Attributes for DecisionTreeClassifier

Attributes	Description
classes_	ndarray of shape (n_classes,) or list of ndarray The classes labels (single output problem), or a list of arrays of class labels (multi-output problem).
feature_importances_	ndarray of shape (n_features,) Return the feature importances.
max_features_	int The inferred value of max_features.
n_classes_	int or list of int The number of classes (for single output problems), or a list containing the number of classes for each output (for multi-output problems).
n_features_in_	int The number of features seen during fit.
featrue_names_in_	ndarray of shape (n_features_in_,) Names of features seen during the fit. Defined only when X has feature names that are all strings.

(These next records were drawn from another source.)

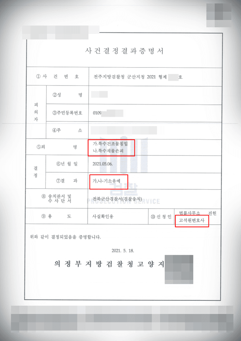 당시 의뢰인의 항변과는 달리 그 행위들은 명백히 형법상 특수재물손괴와 특수건조물침입이 성립할 가능성이 매우 높아 보였기에 신속하게 수임하고 사건에 임했던 기억이 납니다.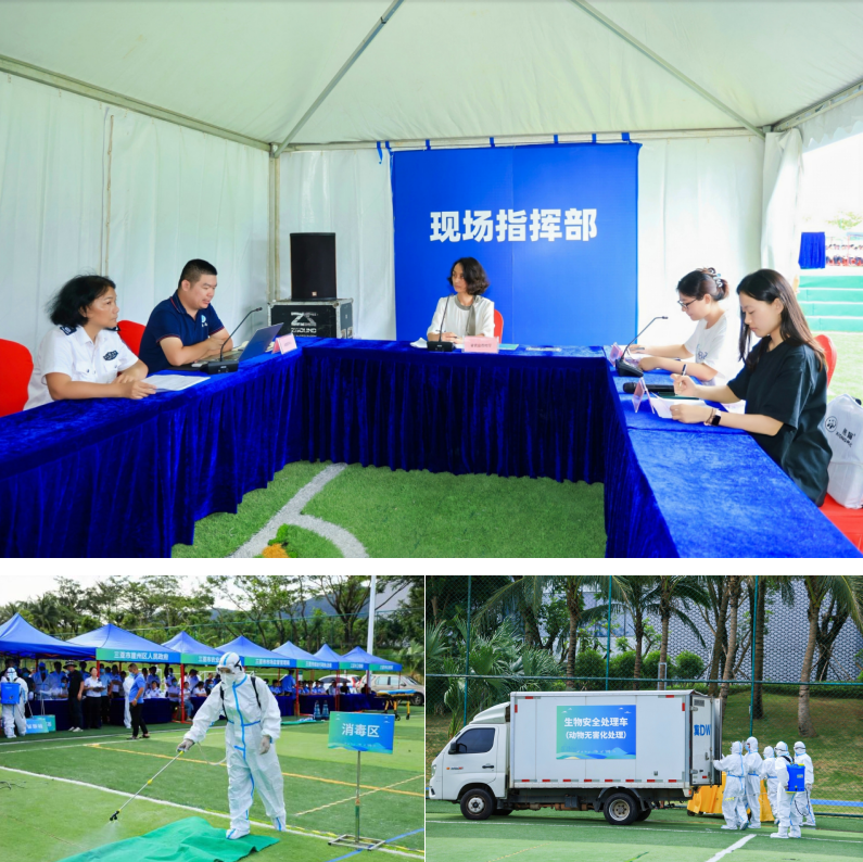 本次演练由省委国安办、省委网信办、省卫健委、省疾控局、省公安厅、省林业局、省交通厅、省市场监管局等省防控重大动物疫病指挥部成员单位、三亚市防灾减灾救灾和安全生产委员会动物疫病防控专项组等多家单位协同参与,全省各市县农业农村、综合行政执法等部门以及养殖企业代表共计360余人现场观摩。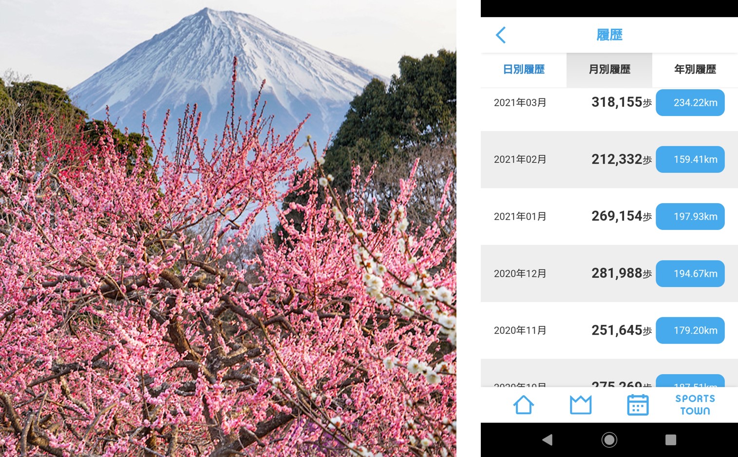 「春、みーつけたウォーク」の参加者から投稿いただいた写真。「履歴を見る」画面から過去の歩数をチェック可能。最高歩数に挑戦したり、月あたりの最高距離に挑戦するなど目標設定はあなた次第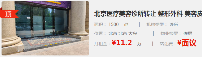 3. 北京醫(yī)療美容診所轉(zhuǎn)讓(整形外科、美容皮膚科)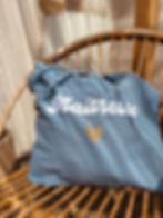Pochette velours camel, personnalisée à la main dans notre atelier lyonnais.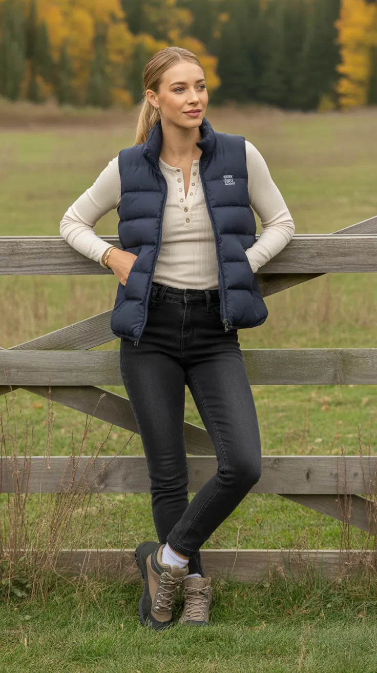 The puffer vest paired with a henley top is a go-to look for fall. This combination is perfect for those chilly days when you want to stay warm without sacrificing style. The vest adds a layer of coziness, while the henley top keeps things casual and comfortable.

n_outputs_	int The number of outputs when fit is performed.
tree_	Tree instance The underlying Tree object.

Tips of practical use:

• Decision trees tend to overfit on data with a large number of features. Getting the right ratio of samples to number of features is important, since a tree with few samples in high dimensional space is very likely to overfit.

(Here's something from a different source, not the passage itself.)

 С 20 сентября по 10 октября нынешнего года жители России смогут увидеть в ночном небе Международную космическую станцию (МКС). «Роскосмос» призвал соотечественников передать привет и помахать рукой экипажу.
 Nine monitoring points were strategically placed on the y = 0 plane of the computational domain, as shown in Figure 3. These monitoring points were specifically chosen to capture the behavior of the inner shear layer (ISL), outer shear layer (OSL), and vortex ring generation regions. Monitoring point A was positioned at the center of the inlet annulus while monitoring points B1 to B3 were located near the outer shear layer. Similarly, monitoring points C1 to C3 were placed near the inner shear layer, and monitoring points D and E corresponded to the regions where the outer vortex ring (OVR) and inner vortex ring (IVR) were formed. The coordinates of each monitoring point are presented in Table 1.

• Consider performing dimensionality reduction (PCA, ICA, or Feature selection) beforehand to give your tree a better chance of finding features that are discriminative.
• Understanding the decision tree structure will help in gaining more insights about how the decision tree makes predictions, which is important for understanding the important features in the data.

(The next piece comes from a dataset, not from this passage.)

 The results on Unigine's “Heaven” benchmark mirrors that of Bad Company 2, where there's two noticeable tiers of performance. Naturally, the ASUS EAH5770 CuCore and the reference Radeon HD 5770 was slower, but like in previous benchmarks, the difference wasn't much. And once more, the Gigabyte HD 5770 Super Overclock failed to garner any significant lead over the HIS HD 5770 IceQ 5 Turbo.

• Visualise your tree as you are training by using the export function. Use max_depth=3 as an initial tree depth to get a feel for how the tree is fitting to your data, and then increase the depth.
• Remember that the number of samples required to populate the tree doubles for each additional level the tree grows to. Use max_depth to control the size of the tree to prevent overfitting.
• Use min_samples_split or min_samples_leaf to ensure that multiple samples inform every decision in the tree, by controlling which splits will be considered. A very small number will usually mean the tree will overfit, whereas a large number will prevent the tree from learning the data.
  • Try min_samples_leaf=5 as an initial value. If the sample size varies greatly, a float number can be used as percentage in these two parameters. While min_samples_split can create arbitrarily small leaves, min_samples_leaf guarantees that each leaf has a minimum size, avoiding low-variance, over-fit leaf nodes in regression problems.
  • For classification with few classes, min_samples_leaf=1 is often the best choice. Note that min_samples_split considers samples directly and independent of sample_weight, if provided (e.g. a node with m weighted samples is still treated as having exactly m samples). Consider min_weight_fraction_leaf or min_impurity_decrease if accounting for sample weights is required at splits.
• Balance your dataset before training to prevent the tree from being biased toward the classes that are dominant. Class balancing can be done by sampling an equal number of samples from each class, or preferably by normalizing the sum of the sample weights (sample_weight) for each class to the same value. Also note that weight-based pre-pruning criteria, such as min_weight_fraction_leaf, will then be less biased toward dominant classes than criteria that are not aware of the sample weights, like min_samples_leaf.
• If the samples are weighted, it will be easier to optimize the tree structure using weight-based pre-pruning criterion such as min_weight_fraction_leaf, which ensure that leaf nodes contain at least a fraction of the overall sum of the sample weights.
• All decision trees use np.float32 arrays internally. If training data is not in this format, a copy of the dataset will be made.
• If the input matrix X is very sparse, it is recommended to convert to sparse csc_matrix before calling fit and sparse csr_matrix before calling predict. Training time can be orders of magnitude faster for a sparse matrix input comparedto a dense matrix when features have zero values in most of the samples.